───── SOURCE MATERIAL ─────

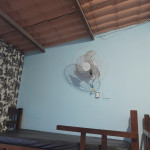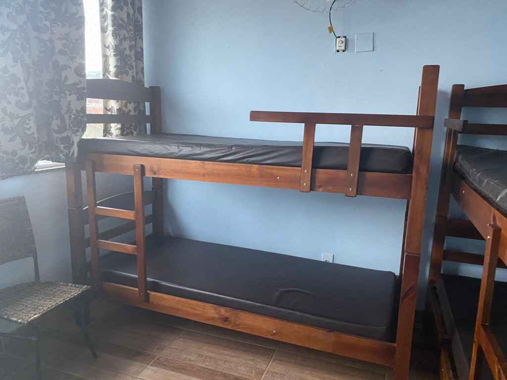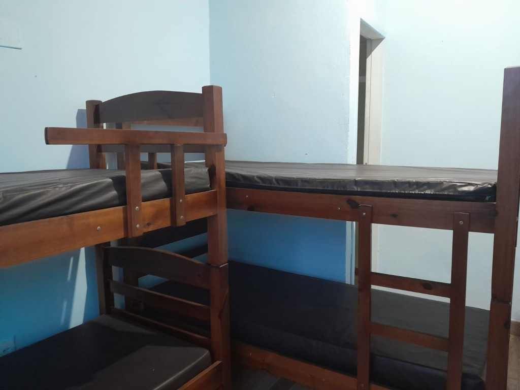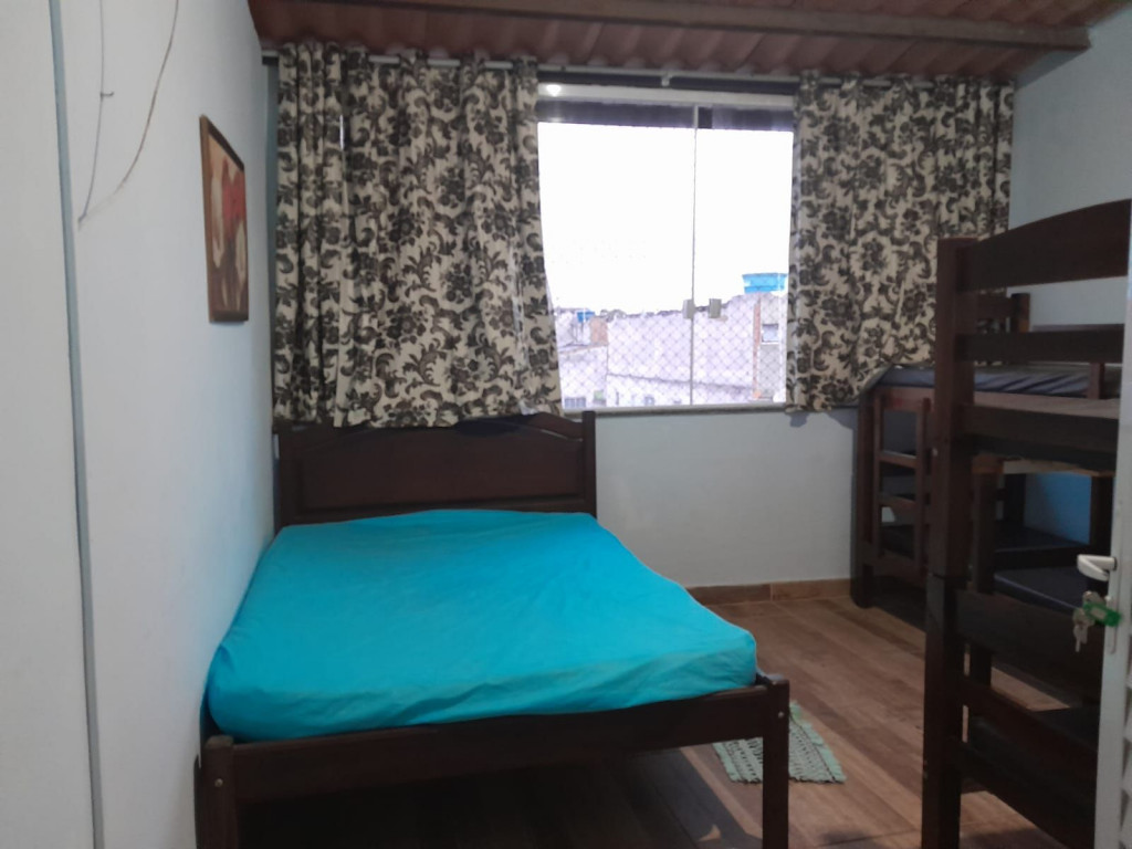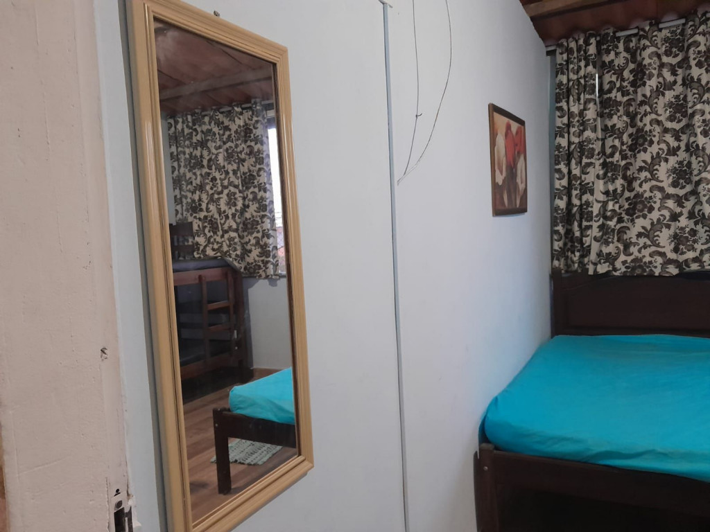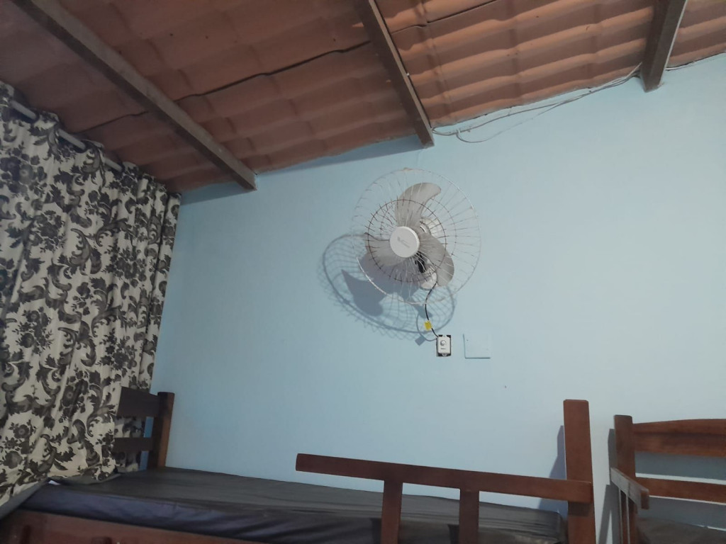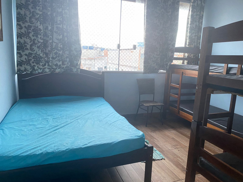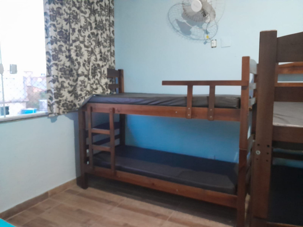 Suíte privativa com quarto e banheiro a 650 metros da Praia do Forte. Cama de casal e duas beliches. Comporta 6 pessoas. Suíte privativa com ventilador, TV e frigobar. Cozinha compartilhada com fogão, forno micro-ondas e utensílios. Fica no terceiro andar, sendo necessário subir escadas. O endereço da hospedagem é: Rua Gustavo Beranger, 102 - Vila Nova – Cabo Frio – RJ. Central, próximo ao comércio. Tem Wi-Fi gratuito. É exigida identificação pessoal e endereço do responsável pela reserva.
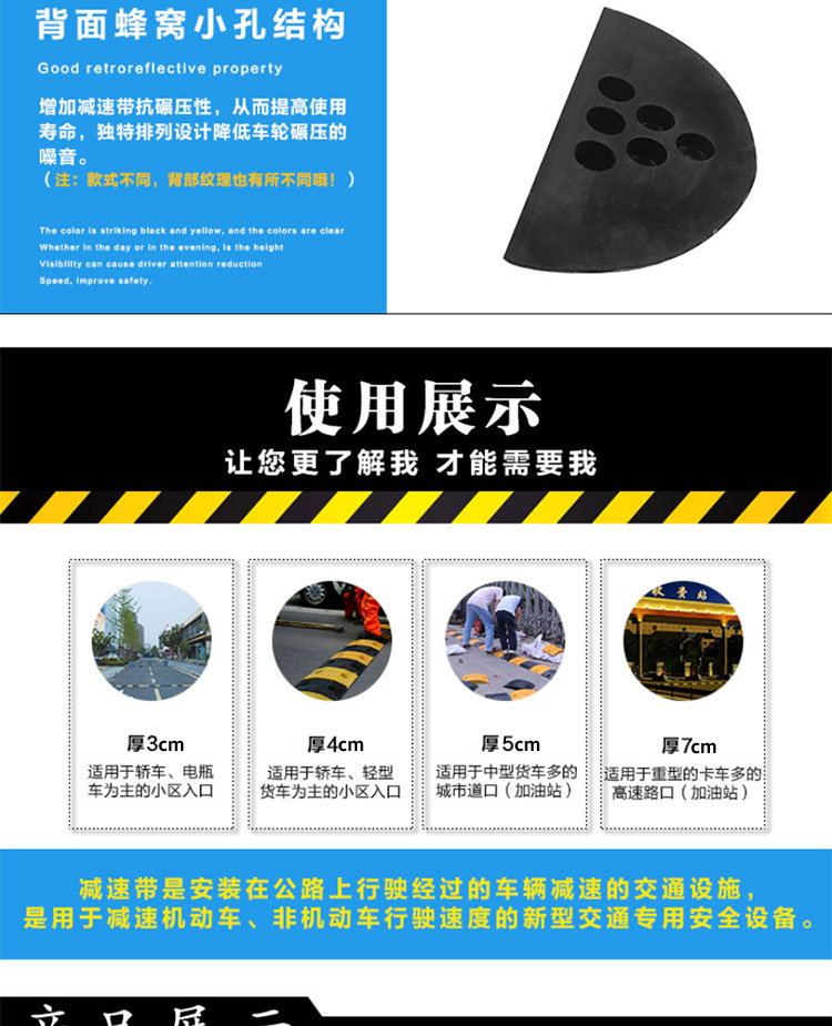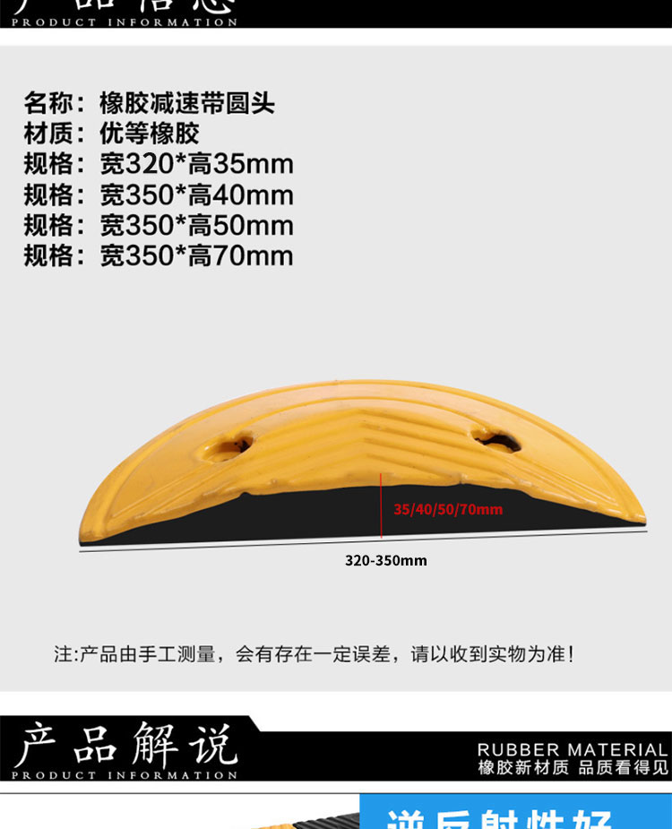 海斯迪克 减速带 KA56-5 橡胶 32*3.5cm半圆头 2个 1对
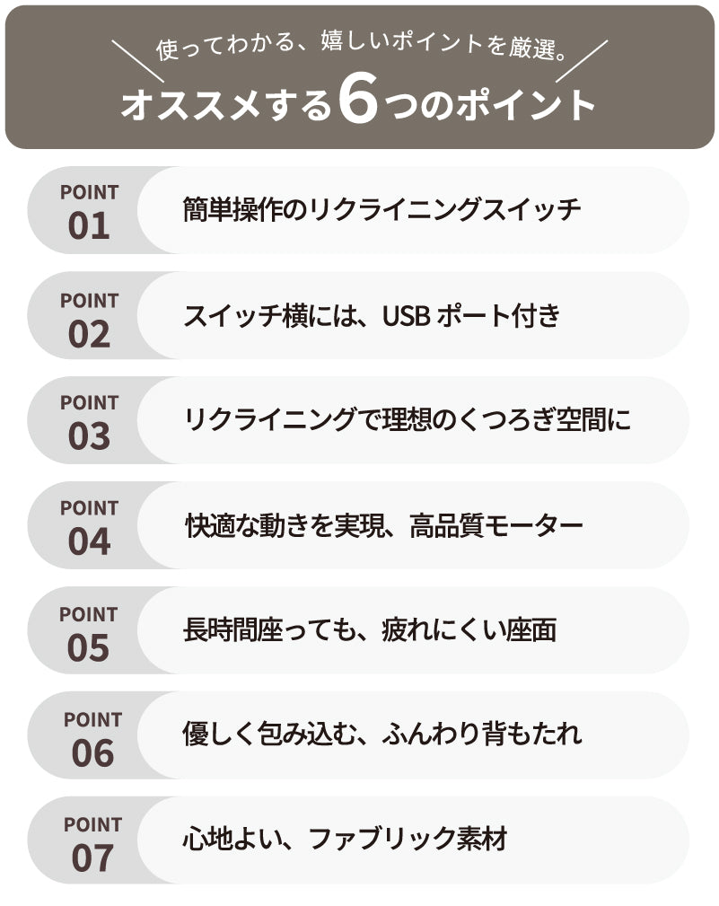 ※お使いのUSBケーブルによっては給電機能が使用できない場合がございます。 ケーブルの適合については回答できかねますのでご了承ください。 ※充電機器データの毀損・消失について 何らかの原因で使用機器の故障・データの毀損・消失が起こった場合、いかなる理由であっても弊社は一切その責任を負いかねます。 ※搬入経路をお確かめの上ご注文ください。 ※ソファから立ち上がる際はリクライニングを元に戻してから降りてください。 ※カバーの取り外しはできません。 ※お客様都合によるご交換・ご返品はできませんので予めご了承下さい。 ※お使いのモニターの発色具合によって、実際のものと色が異なる場合がございます。 |
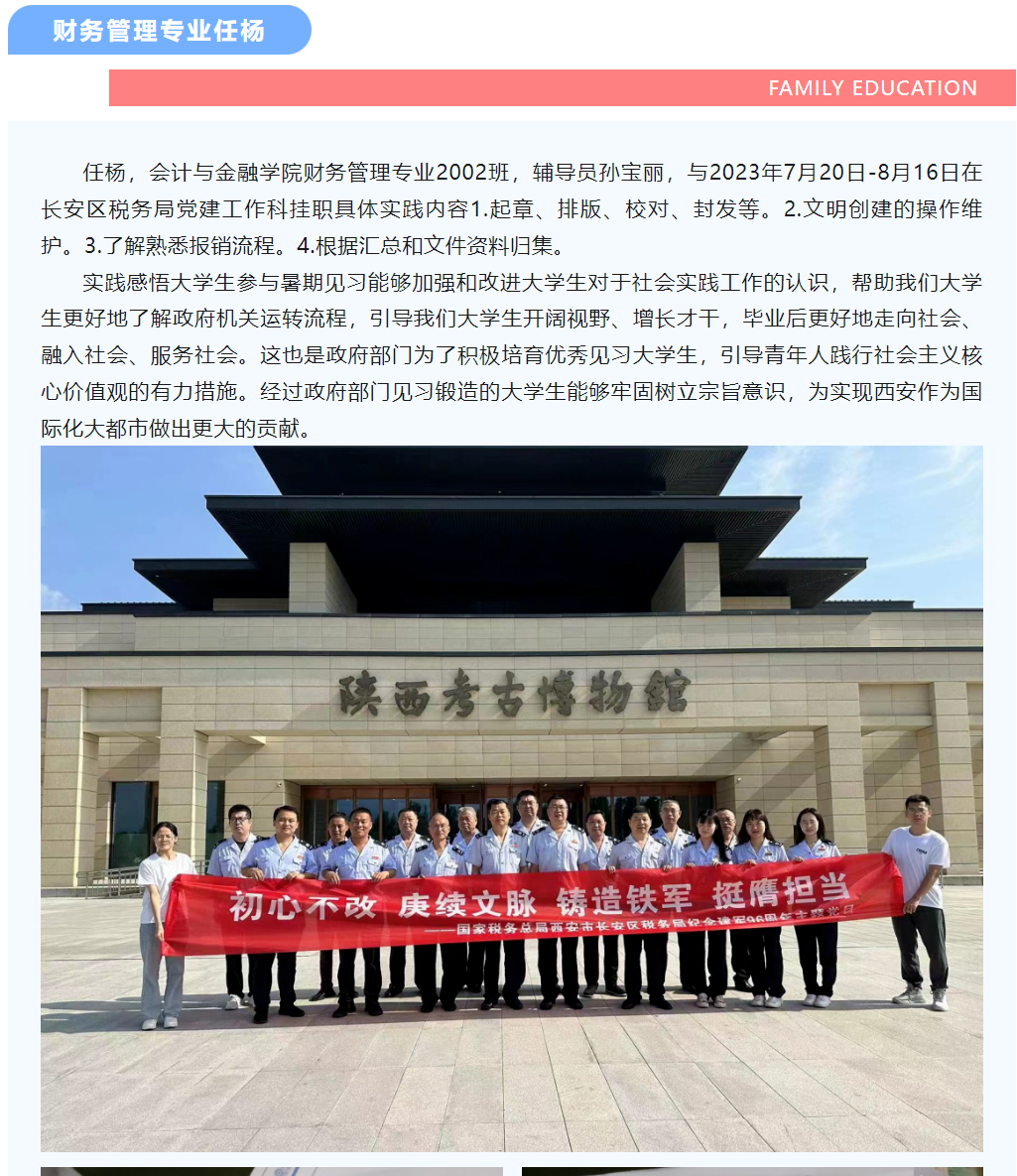 “情系宜君,匠心筑遗”—传承之光实践队由会计与金融学院副院长丁阳院长、团委书记寇方译老师带领8名学生荣获“财经报国青年力行”财经专项团中央立项,实践队伍前往陕西省铜川市宜君县文化馆进行11天实践活动,开展了以“非遗”“反诈宣传”为主题的活动。通过实地调研、走访手艺人之家,了解宜君剪纸对当地人经济文化生活的影响。

─────

▸ **AIM OF THE TASK**: An exact copy of the listing above, minus its pictures, is what is needed here.

▸ **SOLUTION TO THIS PROBLEM**:
 Suíte privativa com quarto e banheiro a 650 metros da Praia do Forte. Cama de casal e duas beliches. Comporta 6 pessoas. Suíte privativa com ventilador, TV e frigobar. Cozinha compartilhada com fogão, forno micro-ondas e utensílios. Fica no terceiro andar, sendo necessário subir escadas. O endereço da hospedagem é: Rua Gustavo Beranger, 102 - Vila Nova – Cabo Frio – RJ. Central, próximo ao comércio. Tem Wi-Fi gratuito. É exigida identificação pessoal e endereço do responsável pela reserva.
 海斯迪克 减速带 KA56-5 橡胶 32*3.5cm半圆头 2个 1对
 ※お使いのUSBケーブルによっては給電機能が使用できない場合がございます。 ケーブルの適合については回答できかねますのでご了承ください。 ※充電機器データの毀損・消失について 何らかの原因で使用機器の故障・データの毀損・消失が起こった場合、いかなる理由であっても弊社は一切その責任を負いかねます。 ※搬入経路をお確かめの上ご注文ください。 ※ソファから立ち上がる際はリクライニングを元に戻してから降りてください。 ※カバーの取り外しはできません。 ※お客様都合によるご交換・ご返品はできませんので予めご了承下さい。 ※お使いのモニターの発色具合によって、実際のものと色が異なる場合がございます。 |
 “情系宜君,匠心筑遗”—传承之光实践队由会计与金融学院副院长丁阳院长、团委书记寇方译老师带领8名学生荣获“财经报国青年力行”财经专项团中央立项,实践队伍前往陕西省铜川市宜君县文化馆进行11天实践活动,开展了以“非遗”“反诈宣传”为主题的活动。通过实地调研、走访手艺人之家,了解宜君剪纸对当地人经济文化生活的影响。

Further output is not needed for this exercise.